Hurlbert and Ling conjectured natural selection as a cause: Women were assigned the role of foraging for food and had to distinguish the red berries and fruit in the green brush.

[Red berries in the bush! A bit of clitoral grotesquerie here, thrown in gratis… Because by this logic, wouldn’t men prefer tan and brown or whatever the heck they hunted for? And wouldn’t foragers have to work harder to distinguish gooseberries, nuts, tubers, and blueberries?]

Prior to 1910, red was the color deemed appropriate for boys and blue was the color for girls – the reverse. So why were these the colors associated with each gender, and why did they switch?
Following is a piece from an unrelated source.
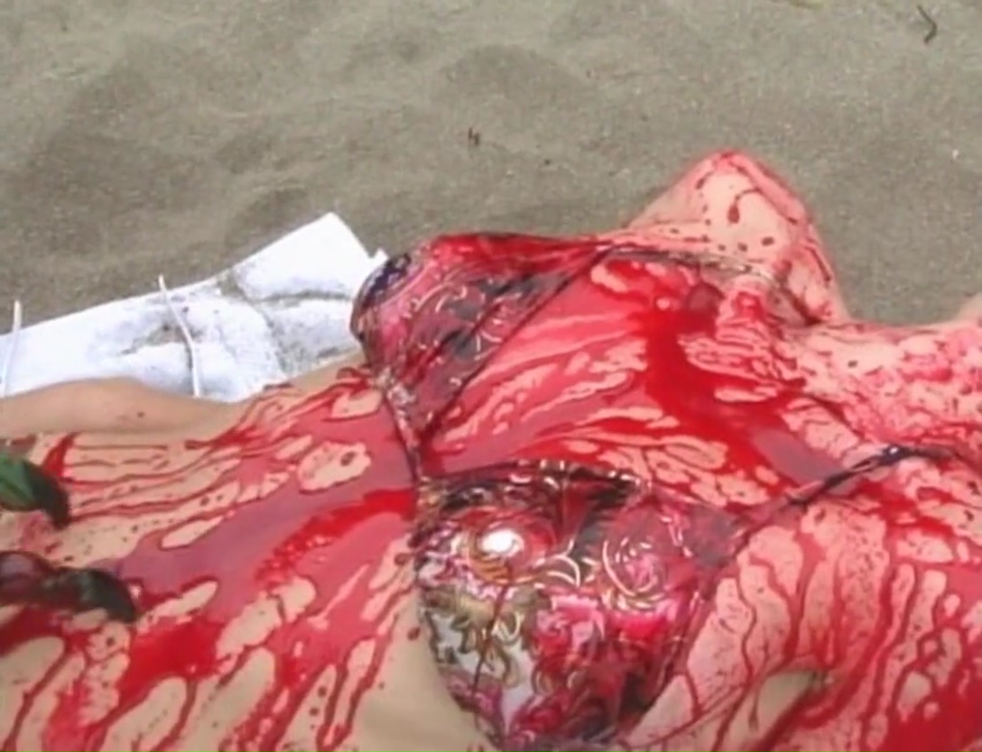 Mais Splatter Beach est avant tout un film de monstre. De ce côté là, ça ne marche pas par contre. Même un montage assez habile aura du mal à camoufler cet homme portant un costume ridicule et ne parvenant pas à laisser de traces sur ces victimes autre que des giclées de sang. Même si le film ne se fait pas sérieux, comme le monstre attaque de plus en plus souvent plus le film avance, l’intérêt retombe, et la qualité franchement mauvaise de la mise en scène et de la photographie ne peuvent pas être pardonnées sur la durée. Splatter Beach nous laisse donc sur une impression mitigée. Nous savions que le film ne serait bon, mais malgré tout, le scénario parvient à aller suffisamment vite pour ne pas ennuyer, mais son côté parodique et donc peut sérieux n’excuse pas tout, et le spectacle proposé devient lassant sur la fin. Ce qui est dommage puisque c’est là qu’Erin Brown est la plus présente. Bref, on aura vu pire, mais Splatter Beach ressemble bien trop souvent à un petit film amateur tourné à l’arrache entre potes. Ce qu’il doit être dans le fond, pour être tourné en 2 jours et demi.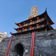 宁波鼓楼也叫做海曙楼,是宁波市仅存的古城楼遗址。它的下部是中国传统的城楼样式,城楼之上却是罗马风格的钟楼,中西合璧的造型别具一格。如今宁波鼓楼周边是一片仿古步行购物区,油赞子之类的宁波特色小吃值得一尝。

And why at that time?

[Um, let me guess: Because such things are arbitrary or worse, used by societies to manipulate strata of status, power, and dominance? Couldn’t be.]

…Primitive man would sit by a fire, and respect the red flame: its heat, intensity, and energy.
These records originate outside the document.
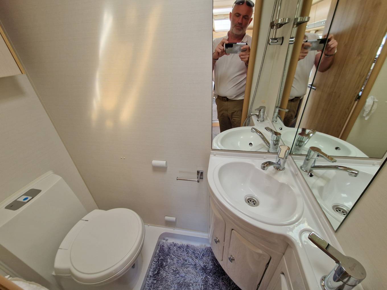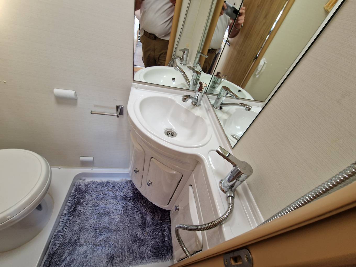 Entering the van from the passenger side, to the right at the rear is possibly the largest washroom one could expect in a compact coachbuilt – it stretches the entire width of the ’van. This huge area has a Thetford toilet, a shower, sink and storage.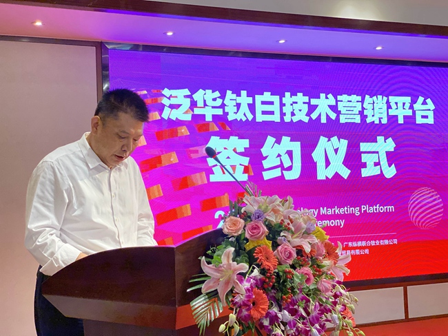 鄭州鑫濤鷗的楊新總經理代表平臺成員致辭,楊總指出:泛華化學是行業(yè)內成功的創(chuàng)新型科技公司,在二氧化鈦新材料的研發(fā)、應用、檢測方面具有國內首屈一指的技術實力和技術積累。平臺的成立,意味著大家可以在鈦白粉“高精特尖”產品的知識培訓、市場開發(fā)、產品應用技術咨詢與應用檢測服務等方面獲得強大支持。相信隨著平臺機制的不斷完善、新產品新服務的推陳出新、平臺成員及覆蓋區(qū)域的擴張,平臺必將成為國內鈦白行業(yè)合作的一個標桿,實現平臺成員、最終用戶乃至整個產業(yè)鏈的共贏。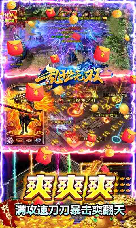 《乱世无双(魂环亿万爆MAX)》是一款全新传奇手游,免费打金刷充福利版全新来袭。以斩妖除魔为背景,剧情丰富有搞头,技能特效有讲究,之间冒险纵横,热血的战斗为你带来超爽的体验!炫丽的技能秀翻全场,精准的打击斗智斗勇。在玩法方面,以打金、升级、爆装、抢沙等传奇核心玩法为主。快快加入与兄弟们征战吧,成就神界最强战士!变身传奇修士,一起除妖伏魔!诛仙剑阵、九龙拉棺,众多玩家等你来。开局刀速拉满,全屏爆光柱,送充值红包,五倍返利带你畅享逍遥,爽到爆的超变,嗨到起飞的体验!上线送神器,每日签到领海量豪礼,超值活动超高回报,真充无限爆刷无限领!兄弟快上线,真热血传奇邀你来战!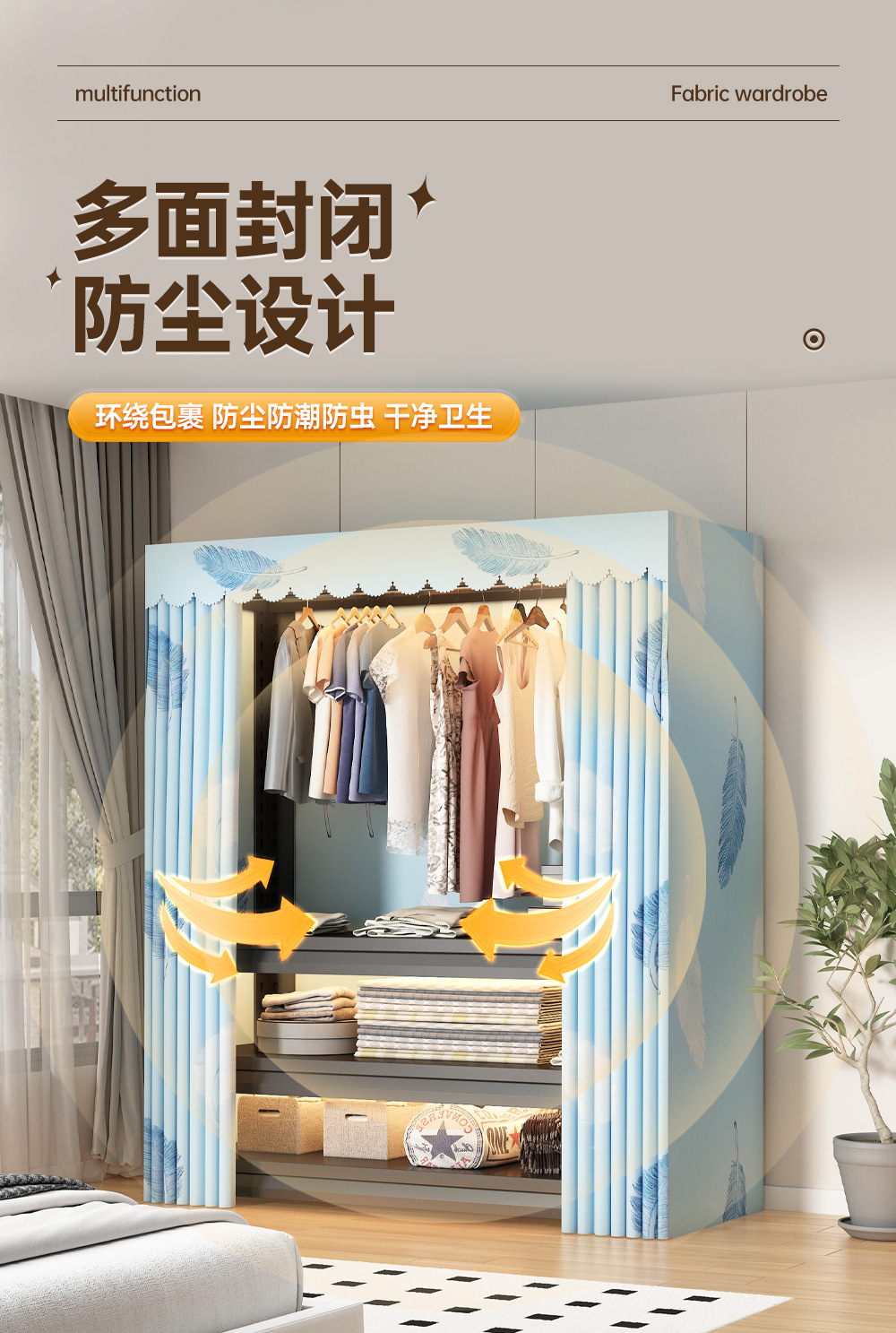 옷장 천 커버 단일 판매 밀봉 된 먼지 커버 두꺼운 폴리 에스테르 천 저장 옷장 교체 간단한 옷장 덮개

[While women, presumably, fled the flames in fear, preferring to huddle disrespectfully in the cold, staring at their blue fingers with delight.]

Red was thus deemed a color that represented the traits needed for hunting and defending the tribe.
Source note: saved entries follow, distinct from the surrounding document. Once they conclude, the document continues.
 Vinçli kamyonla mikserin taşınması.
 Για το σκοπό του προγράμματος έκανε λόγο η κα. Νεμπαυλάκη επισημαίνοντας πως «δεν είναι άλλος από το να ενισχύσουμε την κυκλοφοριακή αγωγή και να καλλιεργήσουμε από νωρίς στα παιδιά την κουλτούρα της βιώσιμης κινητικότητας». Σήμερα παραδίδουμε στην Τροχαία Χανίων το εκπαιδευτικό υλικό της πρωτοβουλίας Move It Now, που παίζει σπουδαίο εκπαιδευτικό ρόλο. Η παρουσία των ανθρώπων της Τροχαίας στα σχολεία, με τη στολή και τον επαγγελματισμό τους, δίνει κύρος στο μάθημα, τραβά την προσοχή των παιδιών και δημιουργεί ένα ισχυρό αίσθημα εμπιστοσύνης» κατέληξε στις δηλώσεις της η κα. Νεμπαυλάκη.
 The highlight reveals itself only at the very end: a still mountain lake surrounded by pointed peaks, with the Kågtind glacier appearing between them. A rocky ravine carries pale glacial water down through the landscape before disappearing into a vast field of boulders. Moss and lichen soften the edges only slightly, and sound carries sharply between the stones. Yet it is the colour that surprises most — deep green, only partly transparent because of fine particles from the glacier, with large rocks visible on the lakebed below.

[THUS????!!!???!!!? See, I’m going ballistic here over something and someone who is obviously too intellectually inconsequential to even notice, let alone respond to. Yet I can’t control myself and keep reading…to see just how far this guy is going to reach to make blue “fit” boys and warm colors stick to girls. Obviously, by this time even I have to realize that I’m being a glutton for punishment..a glutton whose plate will be piled high with it. And sure enough:]

. . .In 1905 Albert Einstein began to publish his work. Scientists realized the nature of the red shift with regard to the Doppler effect on light waves. Blue light has a higher frequency than red light. Scientists discovered that blue stars are hotter than red ones. Blue is a more energetic color.

[Ask any Chinese baby boy, but not before 1910.]

Around 1920 several family magazines began presenting pictures of baby boys dressed in blue-colored clothes. By 1925 the switch was in.

And with no evidence whatsoever to connect the fashion preferences of family magazines and Einstein’s findings, we are invited to imagine a causal connection between them. And this in an otherwise peer-reviewed publication. I am not making this up.

This is just one of millions of examples of silly gendering one must endure. Why bother with it? This is the kind of picky feminism I normally despise; not because it isn’t accurate, but because it is wasting its time and breath on something strategically irrelevant. If Larry Summers wrote this piece, or E.O. Wilson, one of the big boys, it might be worth a go. But in this case I can only think that I must be suffering a bout of horrible self-loathing that I am trying to assuage by loathing this poor little fool of a professor’s blog entry even more.